- _Assigned task_:
The output should match, line for line, the records from the line containing "Wir haben uns, wie" through the line containing "波打线贯穿整个入户通道,使客厅地面更富于变化,同时拉伸空间感。", with every picture left out.

- _Data for analysis_:

☆ ☆ ☆ ☆ ☆ ☆ ☆

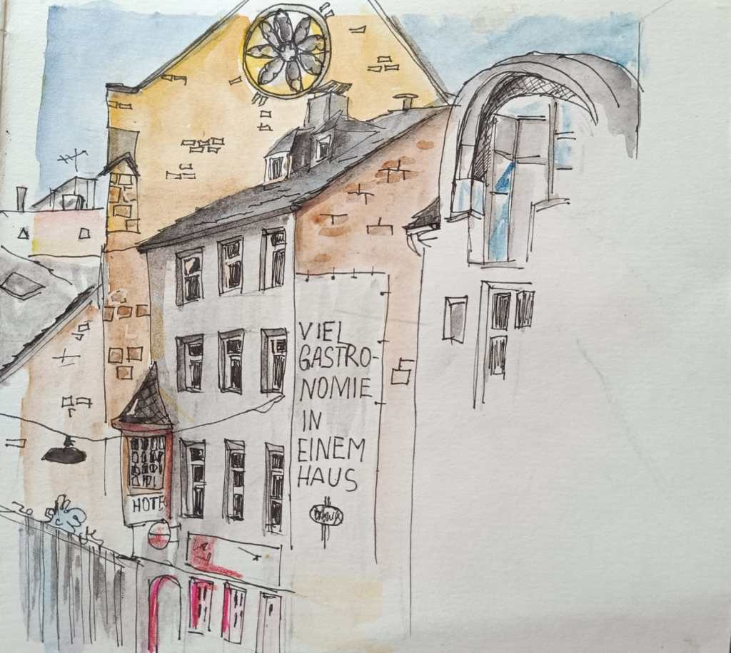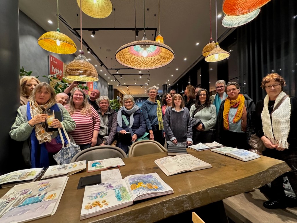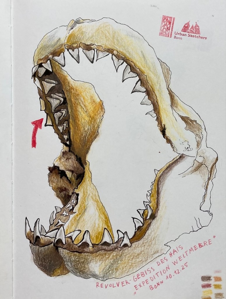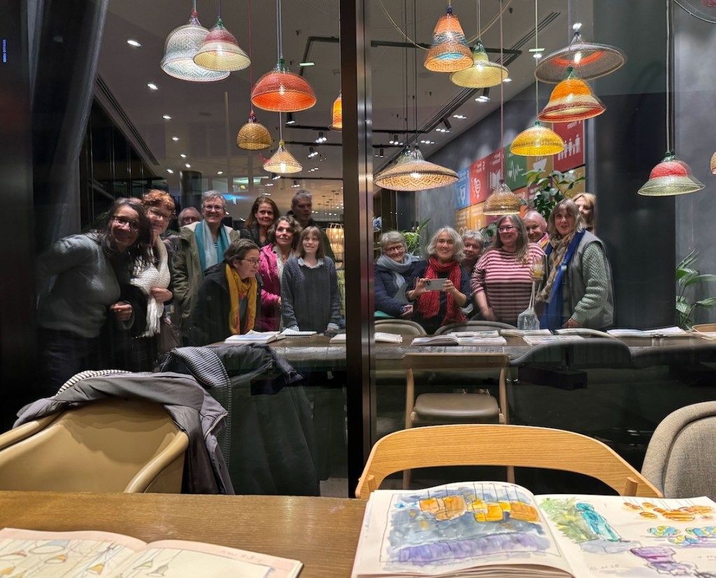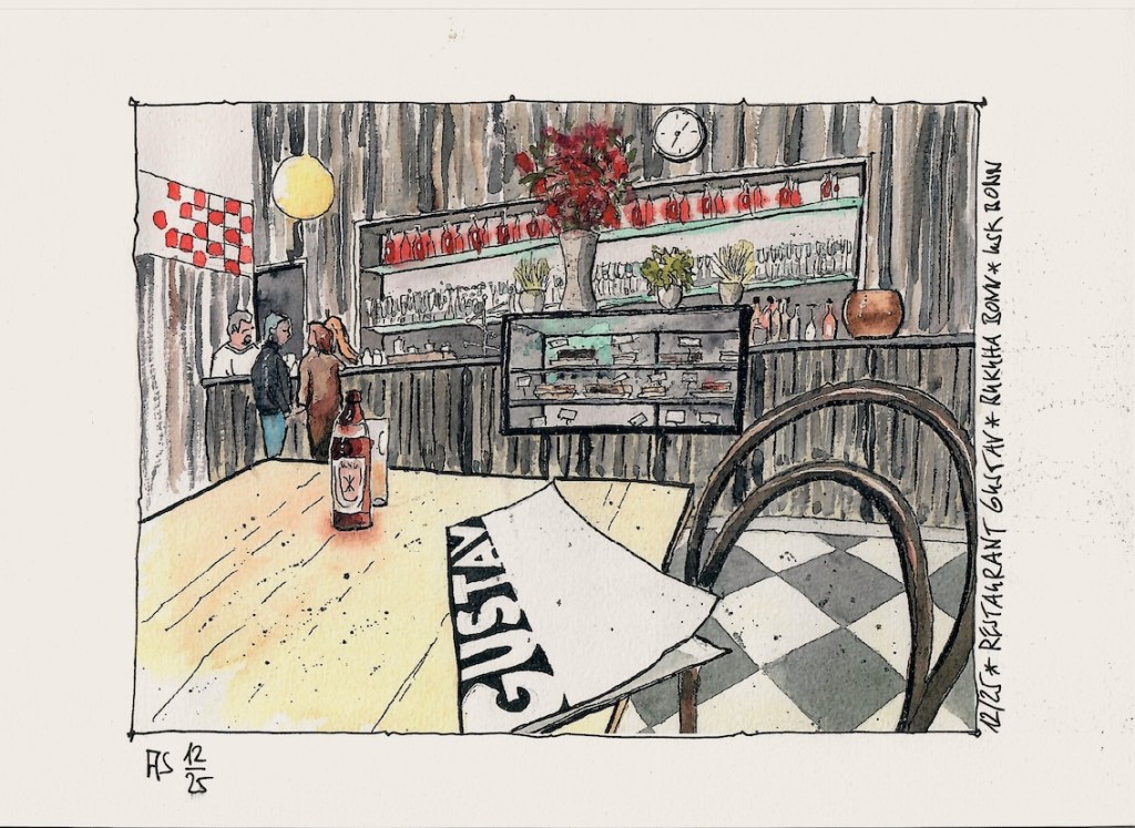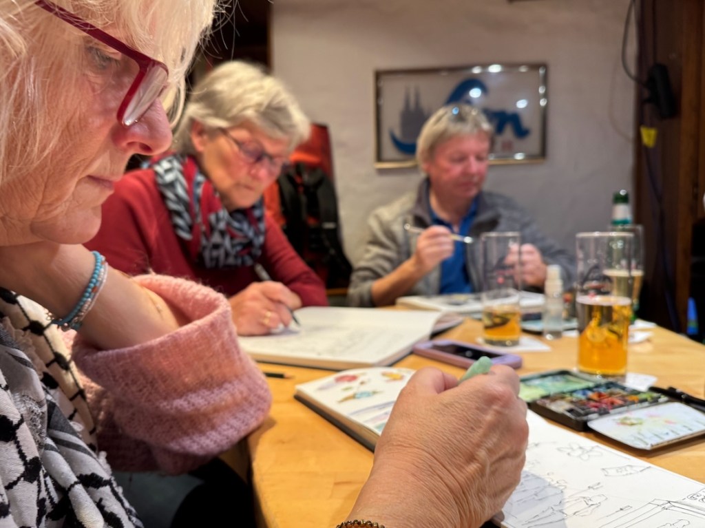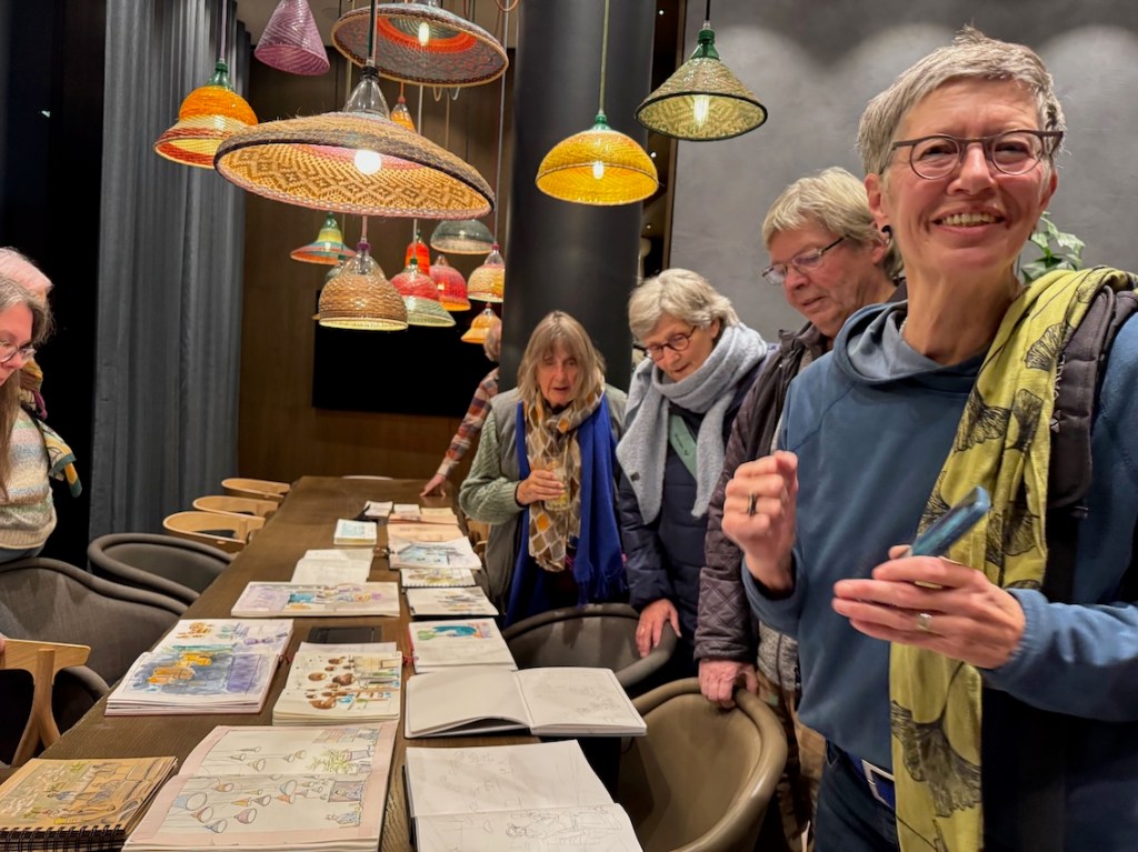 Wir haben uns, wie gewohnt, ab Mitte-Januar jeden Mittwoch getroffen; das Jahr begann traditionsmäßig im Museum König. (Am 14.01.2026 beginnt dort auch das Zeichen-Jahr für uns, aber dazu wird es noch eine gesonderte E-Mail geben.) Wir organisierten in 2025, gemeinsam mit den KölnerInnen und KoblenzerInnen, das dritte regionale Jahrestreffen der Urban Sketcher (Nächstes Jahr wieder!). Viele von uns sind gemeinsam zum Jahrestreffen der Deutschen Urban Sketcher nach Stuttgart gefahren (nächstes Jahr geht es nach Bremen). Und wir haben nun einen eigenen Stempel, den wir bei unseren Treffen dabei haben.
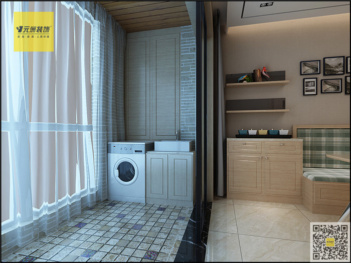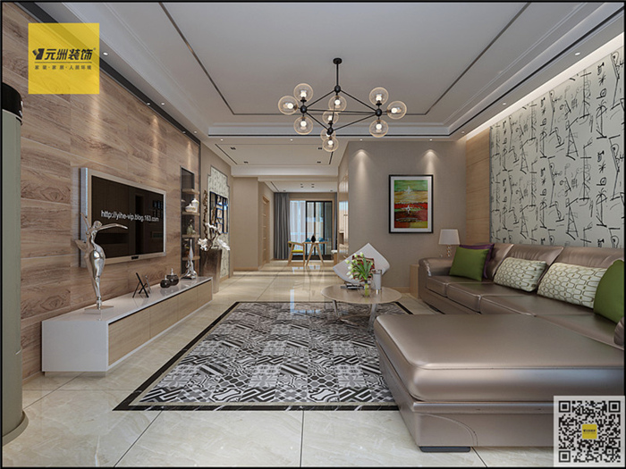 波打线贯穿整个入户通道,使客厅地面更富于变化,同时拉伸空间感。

☆ ☆ ☆ ☆ ☆ ☆ ☆

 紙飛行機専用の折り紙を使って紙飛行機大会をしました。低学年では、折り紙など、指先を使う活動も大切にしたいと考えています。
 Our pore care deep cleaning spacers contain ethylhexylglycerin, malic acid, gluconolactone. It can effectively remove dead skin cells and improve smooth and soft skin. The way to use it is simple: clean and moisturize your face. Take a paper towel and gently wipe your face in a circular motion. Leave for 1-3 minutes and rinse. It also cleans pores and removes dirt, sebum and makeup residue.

☆ ☆ ☆ ☆ ☆ ☆ ☆

- _Response box_:
 Wir haben uns, wie gewohnt, ab Mitte-Januar jeden Mittwoch getroffen; das Jahr begann traditionsmäßig im Museum König. (Am 14.01.2026 beginnt dort auch das Zeichen-Jahr für uns, aber dazu wird es noch eine gesonderte E-Mail geben.) Wir organisierten in 2025, gemeinsam mit den KölnerInnen und KoblenzerInnen, das dritte regionale Jahrestreffen der Urban Sketcher (Nächstes Jahr wieder!). Viele von uns sind gemeinsam zum Jahrestreffen der Deutschen Urban Sketcher nach Stuttgart gefahren (nächstes Jahr geht es nach Bremen). Und wir haben nun einen eigenen Stempel, den wir bei unseren Treffen dabei haben.
 波打线贯穿整个入户通道,使客厅地面更富于变化,同时拉伸空间感。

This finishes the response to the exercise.